Еще один урок Коржавина заключается в том, что иногда надо говорить прямо, не выделываясь, не боясь простоты

Когда мне предложили сделать подборку его лучших текстов для «Сноба», я остановился на одном тексте, далеко не самом известном и крамольном даже по нынешнем временам. Попробуй не раздели общенародное ликование, особенно сейчас! Только поводом для него является не полет Гагарина, а, например, победа сборной. Мельчает все, вырождаются и геройства, и злодейства. И в этом стихотворении есть все достоинства, они же недостатки, коржавинского метода: непосредственность — и связанное с ней многословие; трюизмы — и отвага повторять эти самые трюизмы во времена их безнадежного забвения; простота — и одновременно сложность идеи, а точнее, состояния, которое сам автор не в силах осмыслить до конца. Ведь люди-то все хорошие, но неправильные. Они ужасно ошибаются. А в общем, и черт с ними, потому что сами-то они никого не пожалеют.

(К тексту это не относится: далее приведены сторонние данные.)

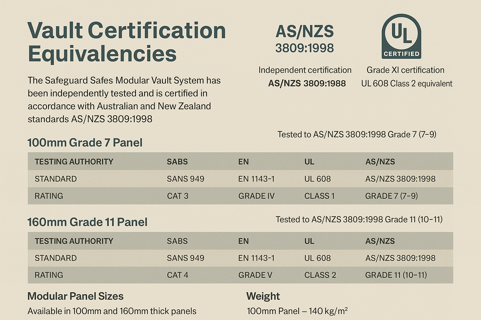 Certified to AS/NZS 3809:1998 - Independently tested to Grade 11 – UL608 Class 2 equivalent

В 1962 году стал просыпаться рабочий класс, который тоже понял, что все неправильно. В 1962 году надежды на перемены были расстреляны в Новочеркасске. Все остальное — и 1968, и 1985, и 1993, и 2014 годы, — были следствием этой развилки, пройденной бесповоротно. Тогда хорошие люди попытались добиться перемен. С тех пор их добиваются только плохие люди. Коржавин это понимал. В его мемуарах «В соблазнах кровавой эпохи» эта мысль доминирует, хотя в огромной двухтомной книге он ни разу не проговаривает ее вслух.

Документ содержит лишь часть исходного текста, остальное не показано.